Out the window of my dorm in freshman year, I could make out not just the Ithaca College campus spread out before me but Cornell University’s campus in the east, Cayuga Lake in the north, and the neon orange Wegmans sign in the west. The view was one of the few advantages of living in West Tower, a fourteen story residential hall erected beside the appropriately named East Tower. Another good thing about living twelve stories closer to the stratosphere was the cool breeze that came off of the lake. To this day, I miss the fresh, sweet smell of a northern current. However, the positives pretty much end there.
Floors four and above were most often reached by taking one of two dimly lit elevators that I was quite sure hadn’t been inspected since the ’90’s. They made disconcerting groans and bellows when in use and often jerked erratically when more than two people were standing in them. I had only taken the elevators a handful of times during the beginning of my first semester in West Tower. But one fateful night in late September swiftly put an end to our relationship.

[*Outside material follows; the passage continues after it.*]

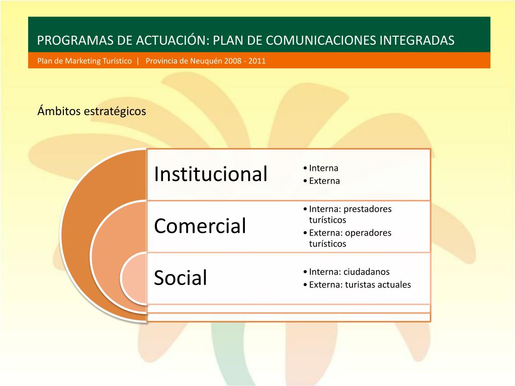 PROGRAMAS DE ACTUACIÓN: PLAN DE COMUNICACIONES INTEGRADAS Plan de Marketing Turístico | Provincia de Neuquén 2008 - 2011 Ámbitos estratégicos
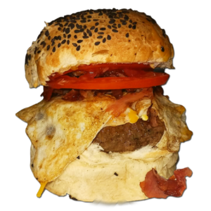Muzzarella, mayonesa, salsa tabasco, catalanes, cebolla, carne de 200gr y papas fritas.

Nearing midnight, I stepped into an elevator with four other people and a terrible sense of foreboding. But that was fairly ordinary whenever I got into an elevator and I often tried to ignore it in an attempt to overcome my claustrophobia. Unfortunately, we only managed to scale five floors before it came to a roaring halt. My immediate reaction matched a suburban octogenarian watching kids step on his precious lawn: loud, violent, and somewhat epileptic. The people with me definitely didn’t expect this. One patted me on the back dolefully, as if sympathizing. Another just eyed me quizzically, unsure of what to do. All the while, I stood perfectly still and tried to stave off hyperventilation while a mechanics team worked to fix the issue. Safe to say, I was determined to never step inside an elevator again.
And thus my close relationship with the stairs was born. They wound up through the core of West Tower and let off on a series of landings accompanied by a blue door with the floor number painted on it in bold white.
It is often said that the more you do something, the easier it’ll become. I persistently told myself this every time I took the climb and I can confidently say that it never got better. The heavy thud of my footfalls punctuated each laborious step and resounded like the steady beat of a drum. The muscles in my legs always tightened and ached if I didn’t take a breather every few landings, a nasty collection of bile would gather in the back of my throat by the time I reached the sixth floor (and always the sixth floor), and I’d be hot and sweaty by the time I got back to my room.
I would like to think that taking the stairs has somehow made me a better person. I want to romanticize and dramatize the benefits of the situation, but I don’t think that’s possible. I guess I only truly learned one key thing from this experience, one I’ll be sure to remember for the rest of my life: Live on the ground floor.